Summer of Soul is a testament to the healing power of music during times of unrest. But it’s more than that. At a pivotal moment in the movie, gospel legend Mahalia Jackson duets with a young Mavis Staples on MLK’s favorite song, “Precious Lord.” Ben Branch is on sax, and Jesse Jackson is preaching right there onstage — the very men who were with MLK in Memphis just moments before he was shot.
As Mahalia passes the mic to Mavis, it is a symbolic passing of the torch — from the civil rights movement to the Black Power movement.
The movie culminates with a searing performance from Nina Simone, who sings “Young, Gifted and Black” on piano, and dramatically recites David Nelson (of The Last Poets)’s stirring poem “Are You Ready?”

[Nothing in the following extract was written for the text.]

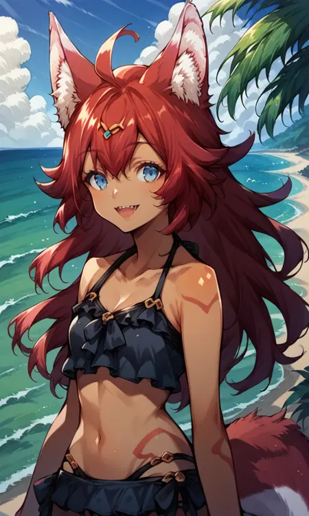 Fuuka, dark skinned female, red hair, long hair, blue eyes, animal ears, tail
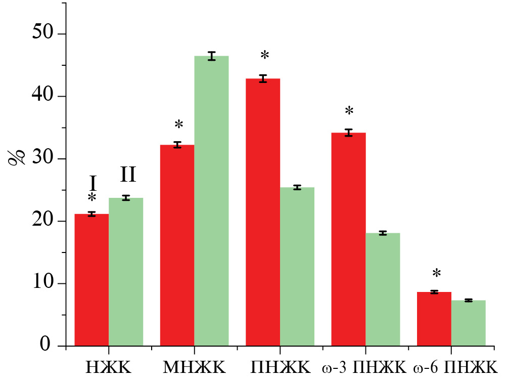Анализ жирнокислотного состава липидов (рис. 2) показал, что происходило изменение степени насыщенности жиров, которое выражалось в увеличении относительного содержания ненасыщенных кислот при истощении рыбы в период интенсивного развития гонад и нереста, что согласовывалось с ранее проведенными исследованиями [20]. Из представленных данных видно, что мышечная ткань кеты с нерестовыми изменениями содержала значительное количество омега-3 ПНЖК, около 30% от суммы жирных кислот, что было выше, чем в кете “серебрянке”. Вследствие высокой ненасыщенности жира, который содержался в мясе кеты с нерестовыми изменениями, он легко подвергался окислению и полимеризации, что должно учитываться при обеспечении условий хранения сырья.

For Questlove, putting this story into its proper context was critical. He describes the unwanted footage as an example of how Black history is so often erased.
“The fact that 40 hours of footage was kept from the public is living proof that revisionist history exists — it was incredibly important to me to get that history right,” he says. “Blacks have always been a creative force of our culture. But sometimes those efforts are easily dismissed.”
“The so-called powers that are or were didn’t find it significant enough to keep it as a part of history,” says Stevie Wonder in the film. “I was 19, I was at a crossroads … I had the feeling that the world was wanting a change. We were moving into a whole ’nother time and space with music and with sound.”
As Lewis says,“Even though the shows were recorded all summer, it feels like it happened and then they threw it away.”
But thanks to Hal Tulchin and Ahmir Thompson, the summer of soul lives on.